§ **Work instruction**
Output the listing word for word, minus pictures.

§ **The input**

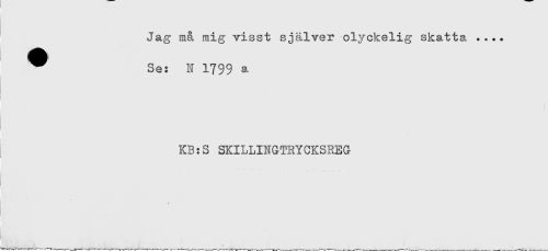//// Jag m& mig visst själver olyckelig skatta .... //// * Se: N 1799 a //// ! //// ! //// KB:S SKILLINGTRYCKSREG //// I ////
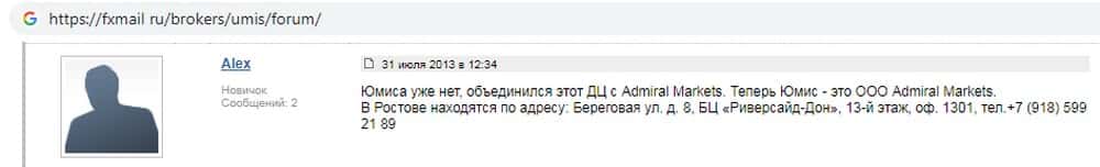 Дальше - больше, по отзывам бывших вкладчиков, облапошенных бесстыжими лохотронщиками из UMIS, узнаем адрес шарашки в России. Находится офис дилингового центра, слившегося с компаний Адмирал Маркетс, в Ростове. Отсюда кидалы спокойно занимаются своими грязными делами:
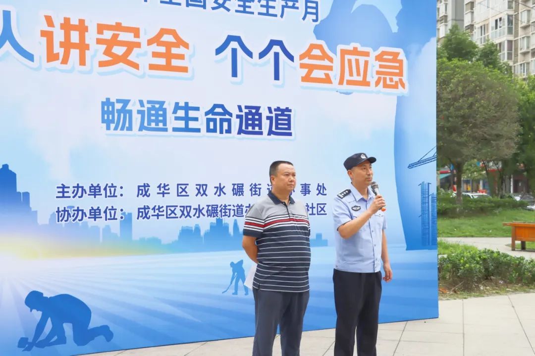 活動首先由雙水碾派出所羅健副所長(cháng)緻辭。羅副所長(cháng)在講話中(zhōng)強調了安(ān)全生産(chǎn)月活動的重要性,号召每位公(gōng)民(mín)都應積極參與到安(ān)全生産(chǎn)的學(xué)習和實踐中(zhōng)來。
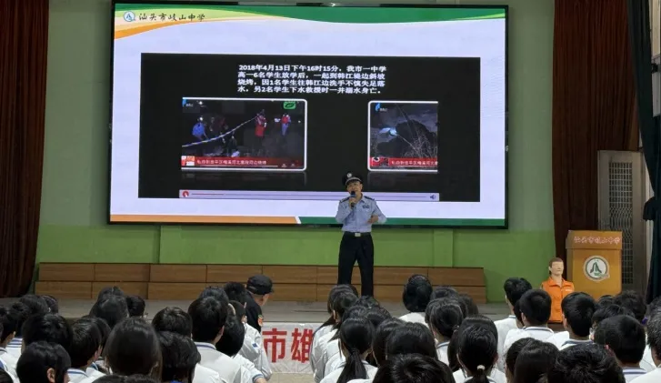 为进一步筑牢校园防溺水安全防护屏障,提高学生水上安全防范意识和自我保护能力,4月20日上午,汕头市公安局港航分局巡防大队联合雄鹰救援队走进岐山中学,在大礼堂为学生们送上一堂以“防溺水安全知识进校园”为主题的水上安全教育课。
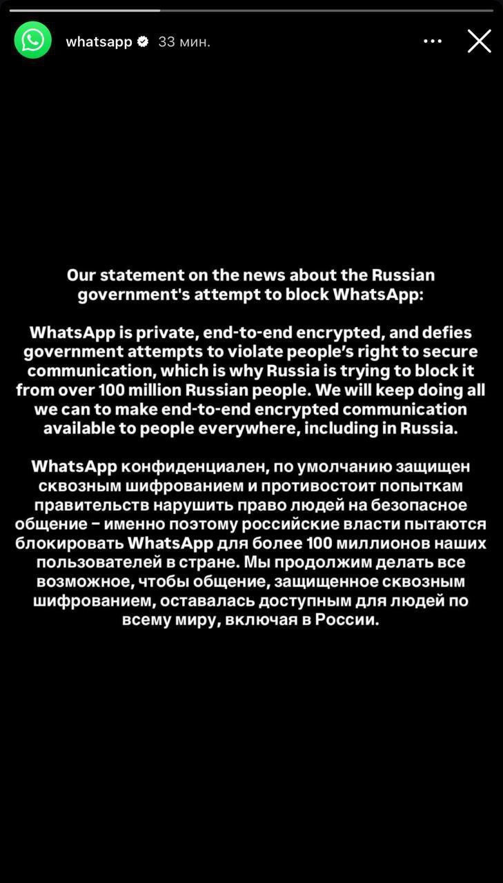 WhatsApp* официально объявил о борьбе с российскими властями
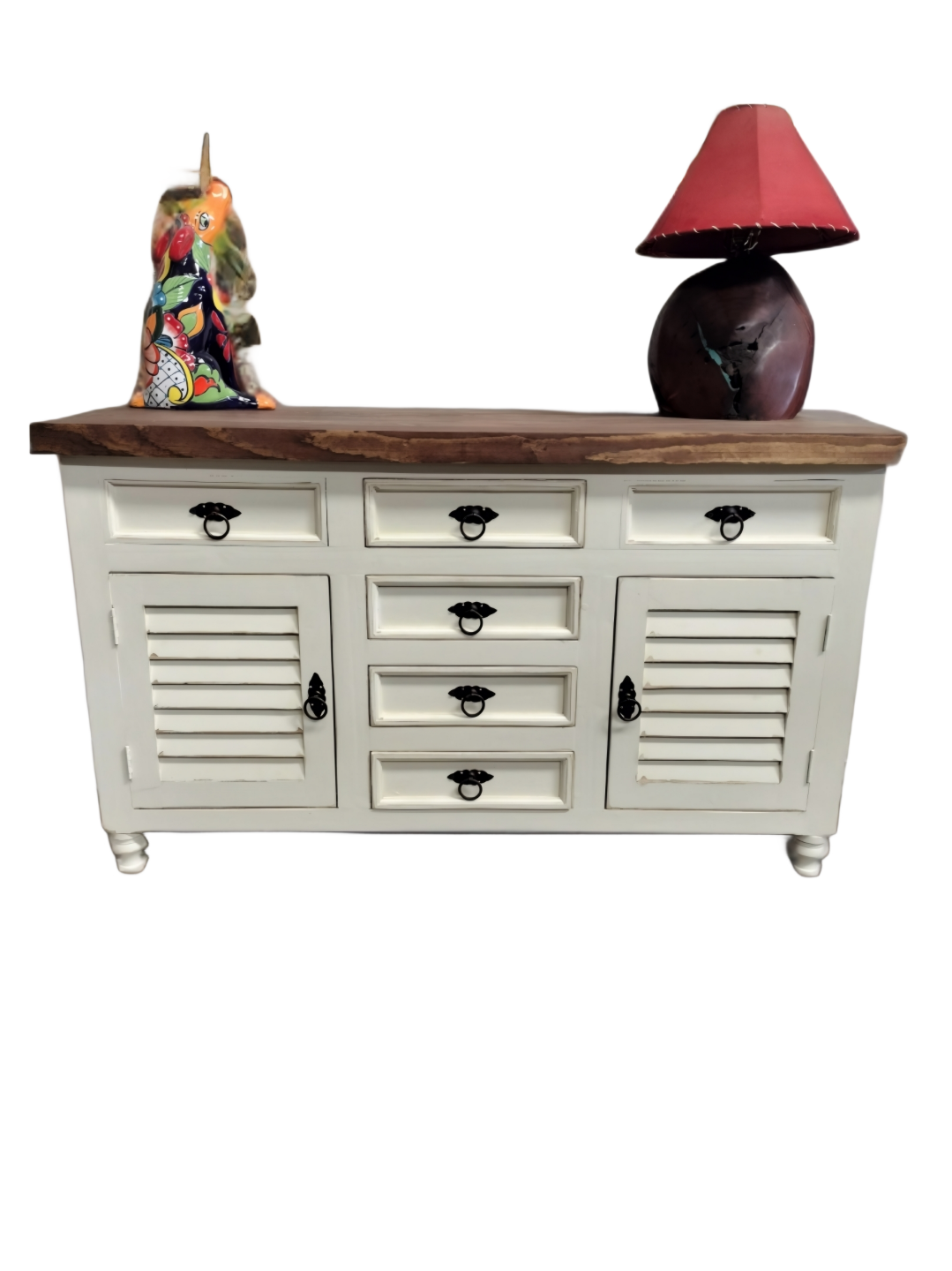 Configuration: Two panel doors + six drawers (top left & right drawers are false)
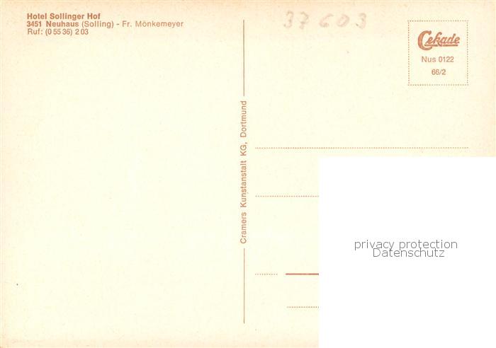 73763424 Neuhaus Solling Hotel Sollinger-Hof Aussenansicht Eingang m. Terrasse postalisch nicht gelaufen Erhaltung siehe scans [LiesaD40] KatCode: 11110003255023
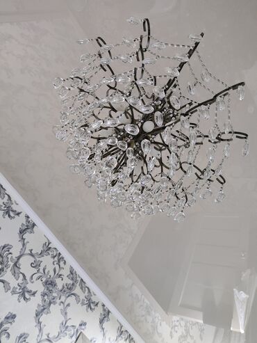 - Дизайн: многорожковая конструкция с изогнутыми металлическими лепестками; каскадные грозди прозрачных хрустальных подвесок «капля» и бусины

§ **Response to the exercise**
//// Jag m& mig visst själver olyckelig skatta .... //// * Se: N 1799 a //// ! //// ! //// KB:S SKILLINGTRYCKSREG //// I ////
 Дальше - больше, по отзывам бывших вкладчиков, облапошенных бесстыжими лохотронщиками из UMIS, узнаем адрес шарашки в России. Находится офис дилингового центра, слившегося с компаний Адмирал Маркетс, в Ростове. Отсюда кидалы спокойно занимаются своими грязными делами:
 活動首先由雙水碾派出所羅健副所長(cháng)緻辭。羅副所長(cháng)在講話中(zhōng)強調了安(ān)全生産(chǎn)月活動的重要性,号召每位公(gōng)民(mín)都應積極參與到安(ān)全生産(chǎn)的學(xué)習和實踐中(zhōng)來。
 为进一步筑牢校园防溺水安全防护屏障,提高学生水上安全防范意识和自我保护能力,4月20日上午,汕头市公安局港航分局巡防大队联合雄鹰救援队走进岐山中学,在大礼堂为学生们送上一堂以“防溺水安全知识进校园”为主题的水上安全教育课。
 WhatsApp* официально объявил о борьбе с российскими властями
 Configuration: Two panel doors + six drawers (top left & right drawers are false)
 73763424 Neuhaus Solling Hotel Sollinger-Hof Aussenansicht Eingang m. Terrasse postalisch nicht gelaufen Erhaltung siehe scans [LiesaD40] KatCode: 11110003255023
 - Дизайн: многорожковая конструкция с изогнутыми металлическими лепестками; каскадные грозди прозрачных хрустальных подвесок «капля» и бусины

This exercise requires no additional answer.